Who is the Parasite in this movie? At first glance, it might seem to be the husband of the housekeeper, hidden away from creditors in the bunker of the Park’s sprawling home, coming out at night to eat their food and drink their alcohol. Or the Kim family, who dupe the Parks to give all of them jobs and quadruple-dip for their salaries. And when the Parks leave town, they take over the mansion, luxuriating in soft sheets and a massive bathtub, hoping that maybe, just maybe, they can wash off that smell. Without a model of moderate consumption in a dignified life they fantasize about being as rich as the Parks. It is easy to think of them as the parasites, because they appear to be leeching off the rich.
But maybe the real parasites are the Parks? They take their massive consumption for granted, feeling secure in that they can take that bubble bath whenever they want. This security allows them to be kind and generous to the Kims as long as the latter ‘do not cross the line’ of their class position. The global elite and middle classes like the Park family consume a disproportionate amount of space and resources; the top 20% of earners emit almost 70% of global carbon emissions.
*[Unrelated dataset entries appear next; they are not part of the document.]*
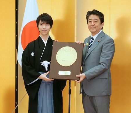 “Tenemos grandes expectativas sobre ti. Me gustaría que continuaras trabajando duro”, dijo el primer ministro Abe Shinzō a Hanyū.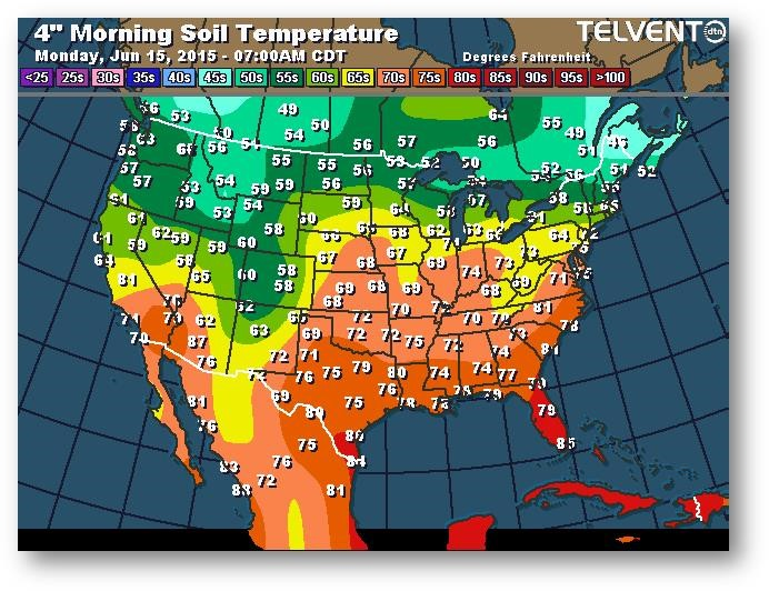 Température du sol en matinée à une profondeur de 4 pouces (degrés Farenheit)
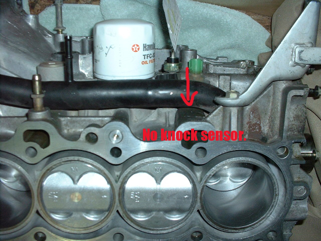 Pictured here is the back of a B18a block. Notice there is no knock sensor. The knock sensor came on the 92+ VTEC engines only. If your block doesn't have a knock sensor, you will need to located a hole for one. |

Money inures and protects them from the extreme weather events that are only going to become more frequent due to climate change. Seoul, which is often held up in the development studies literature as a shining example of the successes of economic globalization illustrates a parasitic overconsumption which thrives on the underconsumption of the poor. The two are ontologically- connected and intimately coiled. Just think of the ecological debt.
It all ends violently. But the violence is not only along the poor vs. rich axis. The poor are also killing each other, fighting for the crumbs that the rich distribute among them. Through this violent end the movie seems to say that this is all unsustainable, in any configuration.
This is a brilliant and concise point of view on the Parasite movie that illuminated some points I hadn’t thought of. Thank you! I appreciate your sharing your thoughts out loud on your blog! I look forward to reading and learning more from you.